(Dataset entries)
#####

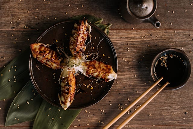 Gyoza de pollo al estilo osaka y teriyaki de naranja (4 ud)
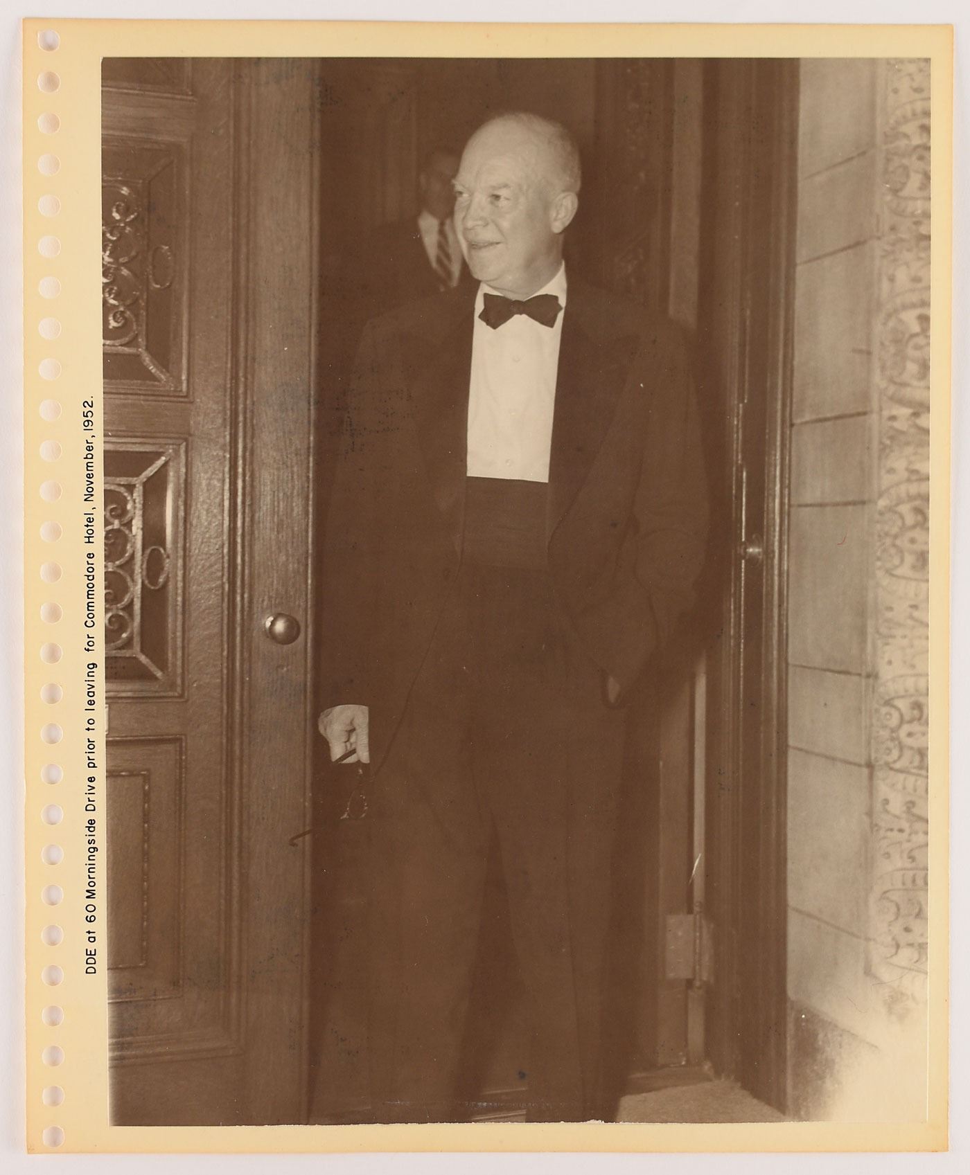 Also includes a separate print of the photograph with a handwritten note by Dorothy Schulz: "1st photo ever taken of President-elect D.D.E. He stayed in the corridor of the hotel (Ambassador [sic, Commodore] in N.Y.) for me to snap this. Dr. Milton E., and a hotel security man were going down to the ballroom for D.D.E. to acknowledge his victory." In overall fine condition.
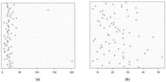 Dot plots of relative difference (if more than 20%) of the shortest distances and direct distances. (a) OSM routing distances; (b) Google routing distances.
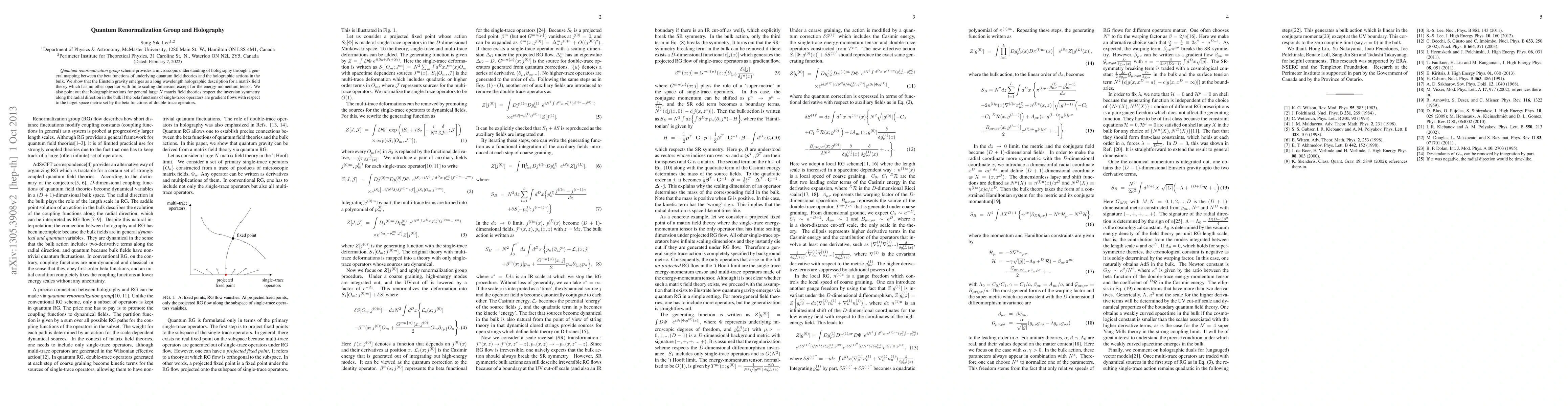 Quantum renormalization group scheme provides a microscopic understanding of holography through a general mapping between the beta functions of underlying quantum field theories and the holographic actions in the bulk. We show that the Einstein gravity emerges as a long wavelength holographic description for a matrix field theory which has no other operator with finite scaling dimension except for the energy-momentum tensor. We also point out that holographic actions for general large N matrix field theories respect the inversion symmetry along the radial direction in the bulk if the beta functions of single-trace operators are gradient flows with respect to the target space metric set by the beta functions of double-trace operators.
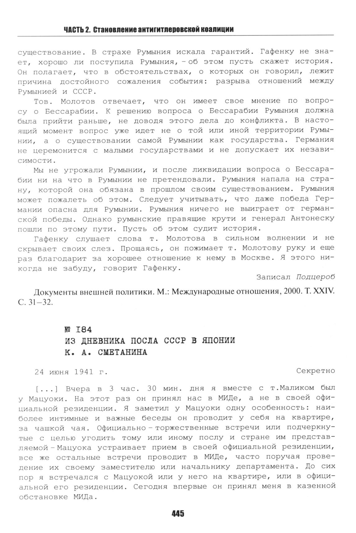 Из дневника посла СССР в Японии К. А. Сметанина. 24 июня 1941 г. // Документы внешней политики. М.: Международные отношения, 2000. Т. XXIV. С. 28-29.

#####

YOUR INSTRUCTIONS:
Exactly as written, set down each line of the records, leaving out the pictures.

YOUR RESPONSE:
 Gyoza de pollo al estilo osaka y teriyaki de naranja (4 ud)
 Also includes a separate print of the photograph with a handwritten note by Dorothy Schulz: "1st photo ever taken of President-elect D.D.E. He stayed in the corridor of the hotel (Ambassador [sic, Commodore] in N.Y.) for me to snap this. Dr. Milton E., and a hotel security man were going down to the ballroom for D.D.E. to acknowledge his victory." In overall fine condition.
 Dot plots of relative difference (if more than 20%) of the shortest distances and direct distances. (a) OSM routing distances; (b) Google routing distances.
 Quantum renormalization group scheme provides a microscopic understanding of holography through a general mapping between the beta functions of underlying quantum field theories and the holographic actions in the bulk. We show that the Einstein gravity emerges as a long wavelength holographic description for a matrix field theory which has no other operator with finite scaling dimension except for the energy-momentum tensor. We also point out that holographic actions for general large N matrix field theories respect the inversion symmetry along the radial direction in the bulk if the beta functions of single-trace operators are gradient flows with respect to the target space metric set by the beta functions of double-trace operators.
 Из дневника посла СССР в Японии К. А. Сметанина. 24 июня 1941 г. // Документы внешней политики. М.: Международные отношения, 2000. Т. XXIV. С. 28-29.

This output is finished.